Storytime Sunday- The Beach
The dream came back, as it had every night for the past week. It was an autumn day on an abandoned beach, the sky foreboding, the seas calm, and a persistent beeping filling the air. She walked without purpose, bundled in her favorite coat and scarf, chilly toes gripping the half-wet sand. Out of the corner of her eye she could see a familiar figure keeping step with her and holding a red balloon that bounced in and out of her vision as it danced in the light breeze coming off the waters. If she tried to look at the figure directly, it would vanish and reappear on her other side, still just barely visible from the corner of her eye.
As they walked under heavy clouds, she became aware of a constant whispering from the figure beside her. The whispers rose and fell in time with the bounce of the balloon in her vision. Slowly she began to recognize them as every dream and every goal she had ever had, whispered to her in her own voice.
When the balloon floated out of her sight, the whispers faded with it, and she found herself panicking. If she turned to look for it, however, the figure would vanish and reappear on her other side. So she kept her eyes on her feet or on the storm clouds and never tried to catch the balloon when it began floating out of her sight, for fear she would lose it forever.
The beach seemed endless and was getting colder and colder as she walked, but she couldn’t simply stop. She was tired and numb and lost, with no beginning and no end in sight. The only change was the balloon and the whispers fading in, fading out. Several times she thought to stop to see if the figure would stop with her, but her stomach gripped and her breath shortened each time she thought to do so. What if she lost them forever and all there was was an endless beach in autumn, cold and empty? So she kept walking, never altering her pace, never looking beside her.

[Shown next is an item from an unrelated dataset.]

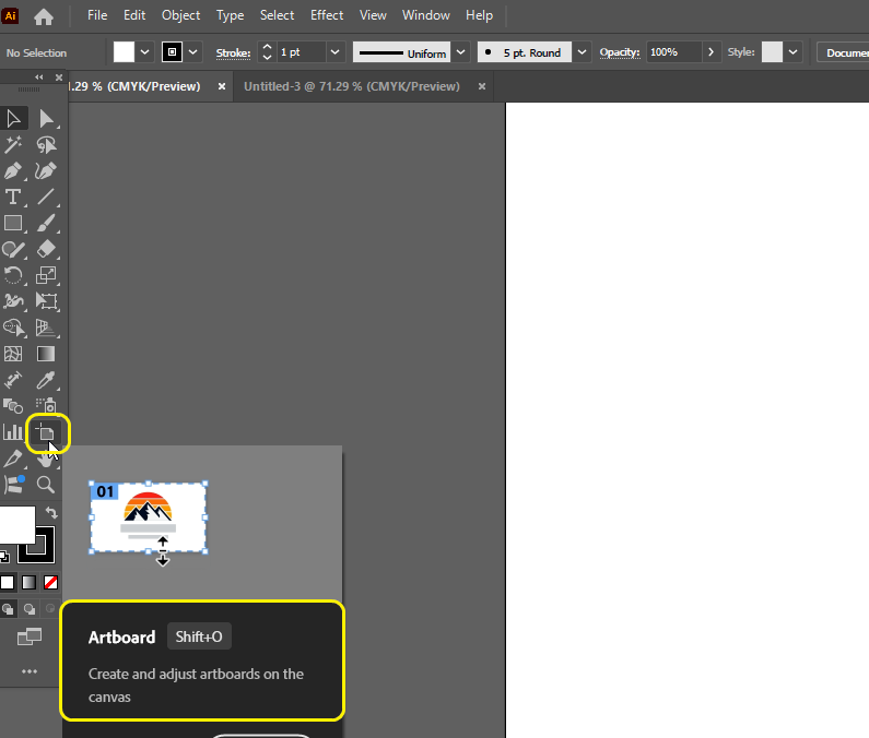 ② 아트보드 옆에 아트보드 추가하려면 아트보드툴 클릭합니다.
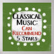 A funny typographic design that says "Classical Music: Can Recommend, 5 Stars". It's black and red text on a white rectangle with funky, playful white dots surrounding it, all on a green background.

The clouds grew more ominous, the beeping echoed louder, and the wind picked up with each wave of panic that overtook her, biting through her coat and sending the balloon in wild twists and turns. The whispers were harder and harder to hear, even when the balloon was in sight. Her fear grew and the wind bellowed, finally pulling the balloon past her sight and out over the ocean. The figure clung fast to its string, pulled along with it, and she recognized it as herself.

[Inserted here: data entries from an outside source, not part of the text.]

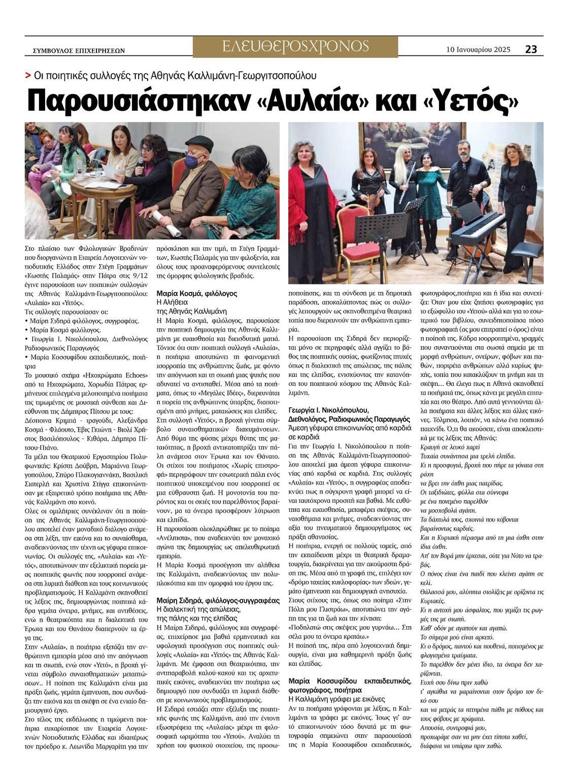 Στο πλαίσιο των Φιλολογικών Βραδινών, που διοργανώνει η Εταιρεία Λογοτεχνών νοτιοδυτικής Ελλάδος στην αίθουσα της Στέγης Γραμμάτων «Κωστής Παλαμάς», παρουσιάστηκαν οι ποιητικές συλλογές της Αθηνάς Καλλιμάνη-Γεωργιτσοπούλου: «Αυλαία» και «Υετός».
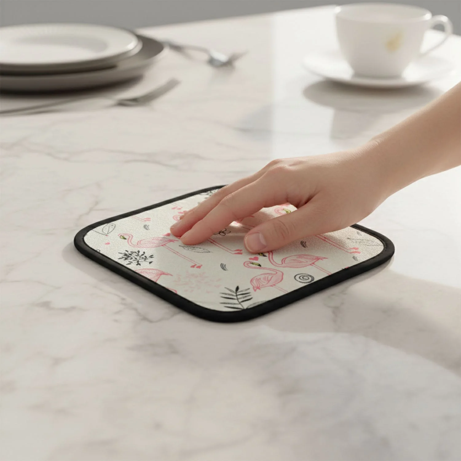 This printed kitchen pot holder mat is designed to protect your kitchen surfaces from heat, scratches, and stains. The compact square shape makes it ideal for placing hot pots, pans, kettles, or serving dishes safely on countertops and dining tables. Its heat-resistant design helps prevent surface damage while adding a decorative touch to your kitchen setup. Lightweight and easy to use, this mat is suitable for daily cooking and serving needs. A practical kitchen accessory that combines protection with style.
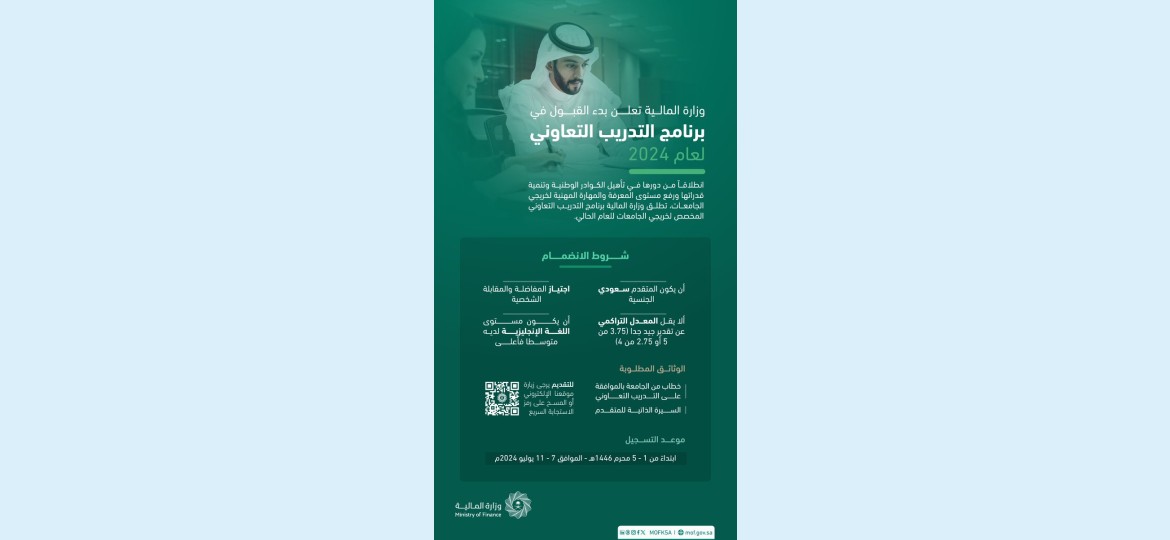 أعلنت وزارة المالية بدء القبول في برنامج التدريب التعاوني المخصص لطلاب وطالبات الجامعات لسنة التخرج 2024م. ويهدف البرنامج إلى رفع مستوى المعرفة والمهارة المهنية لطلاب وطالبات الجامعات لسنة التخرج عبر منحهم فرصاً تدريبية حسب التخصصات المطلوبة لكل فصل، وذلك انطلاقاً من دور الوزارة وتحقيقاً لأهدافها في مجال المسؤولية الاجتماعية عن طريق تأهيل الكوادر الوطنية وتنمية قدراتها، وذلك وفقًا للتفاصيل الموضحة أدناه.
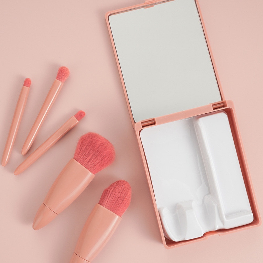 Kit Estojo com Espelho mais Três Esponjas kit de Maquiagem, base, Pó, Blush, Contorno 4 Pinceis
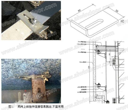 斜鉤入槽深度很淺,施工稍有偏差,掛件就有可能沒有進槽,脫出槽口外;
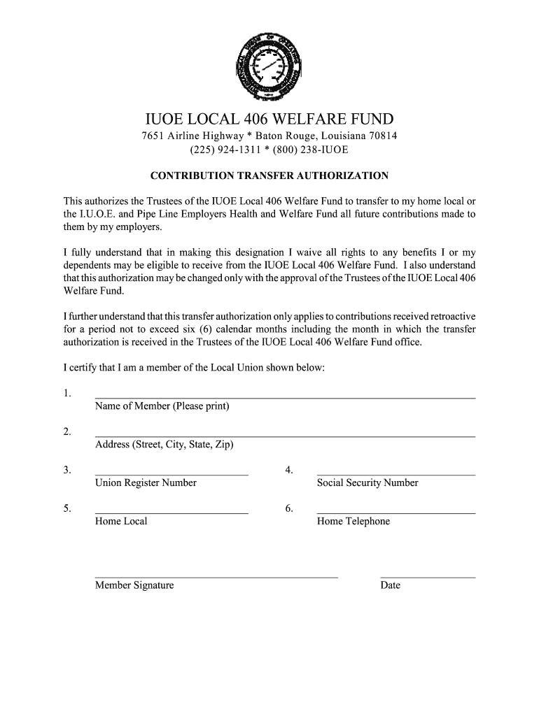 IUOE Local 406 members can fill out the welfare forms provided by the union and submit them according to the instructions provided.
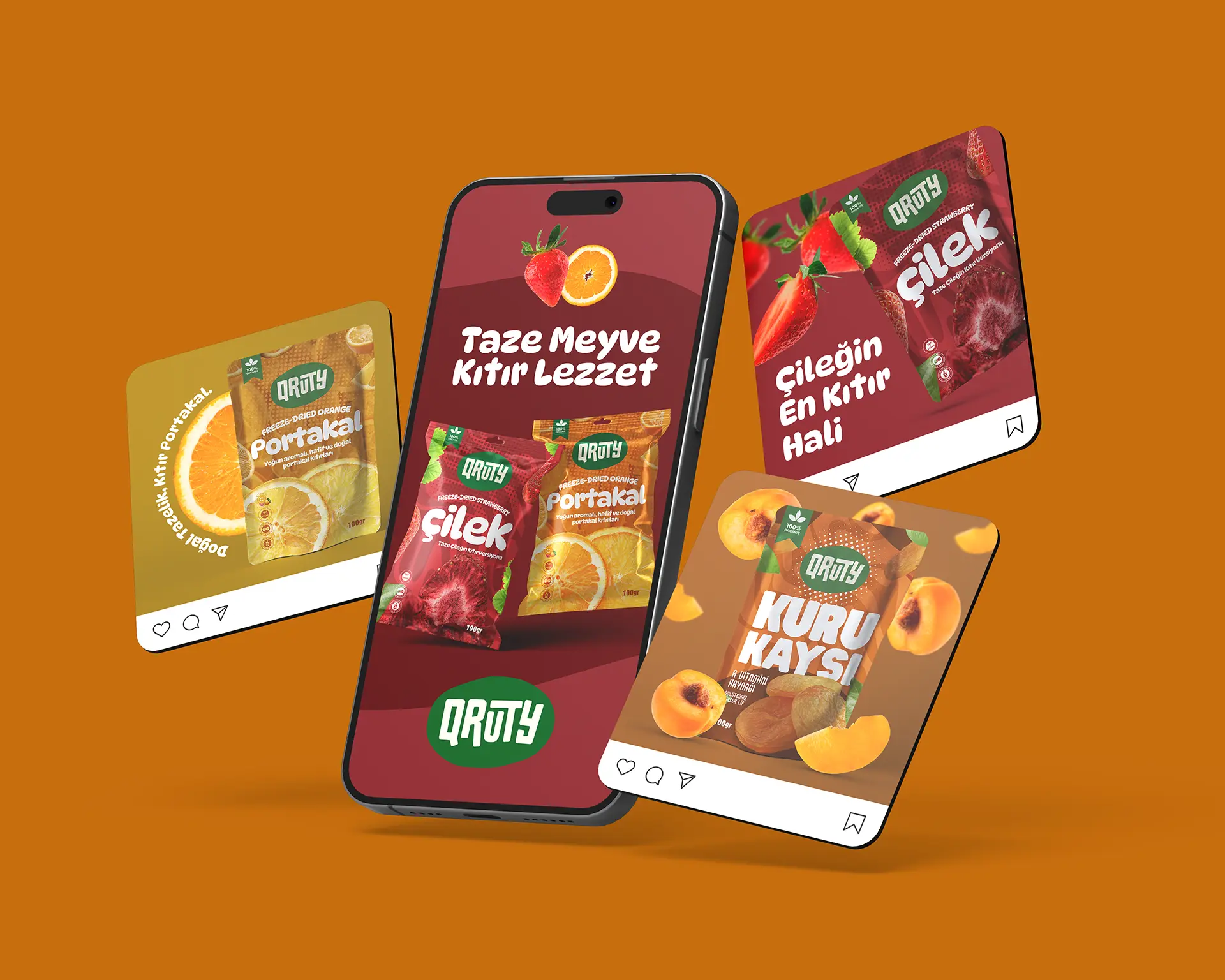 Qruty logosu, markanın doğal kökenini ve sade üretim yaklaşımını yansıtan organik bir form üzerine inşa edildi. Keskin geometri yerine kullanılan “doğal meyve lekesi” formu, kurutulmuş meyvelerin özünü—gerçek meyveden gelen saf içerik—ilk temas anında hissettiriyor.

She could barely breath and her feet were heavy and frozen to the sand, but she pulled them along anyway in a desperate bid to grab herself before she was blown too far out to sea. The wind pushed against her and pulled the figure away at the same time, and she was losing herself in the gathering storm clouds. With a final bid of strength, she leapt and grasped for the outstretched foot of her doppelganger. Her fingers moved fruitlessly through empty air and she was falling, falling farther than she had jumped.Her eyes opened, her pulse still quick from the dream. The beeping sound still floated in the air, matching each of her pounding heartbeats precisely. In the dim light of a window that framed an overcast sky, she could see a red balloon floating in and out of her vision, bouncing in the faltering breeze of the hospital’s aging air conditioner. The beeping slowed to a steadier pace as she closed her eyes and fell back to sleep.